▼▼▼

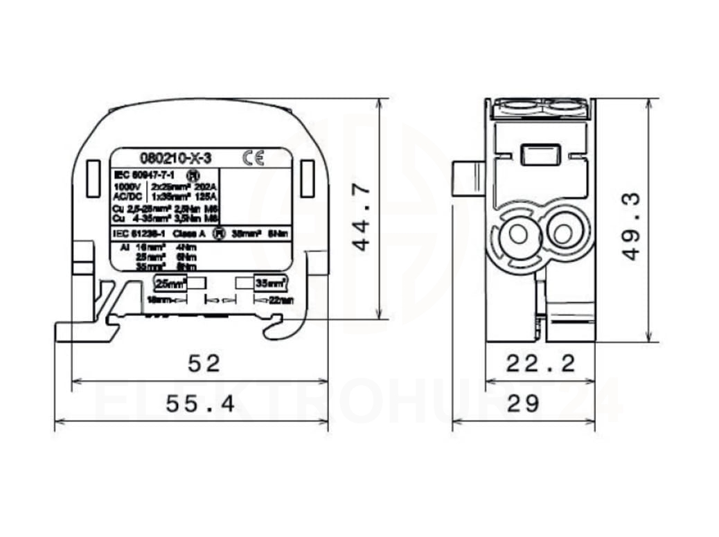 Blok rozdzielczy 1-potencjałowy łączony 125A 2x4-3
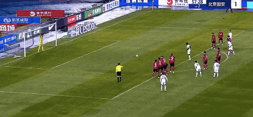 第19分钟,北京国安获得角球,塞尔基尼奥在无人盯防的情况下,头球破门。
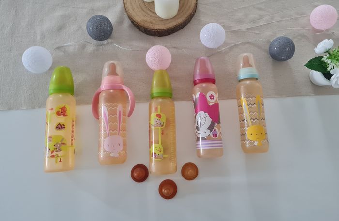 3 biberons de marque Tigex, + 2 avec motifs lapin / Minnie

▲▲▲

Could you return exactly the lines starting with the one that contains "第19分钟,北京国安获得角球,塞尔基尼奥在无人盯防的情况下,头球破门。" and ending with the last line of the data above? Leave the pictures out.

 第19分钟,北京国安获得角球,塞尔基尼奥在无人盯防的情况下,头球破门。
 3 biberons de marque Tigex, + 2 avec motifs lapin / Minnie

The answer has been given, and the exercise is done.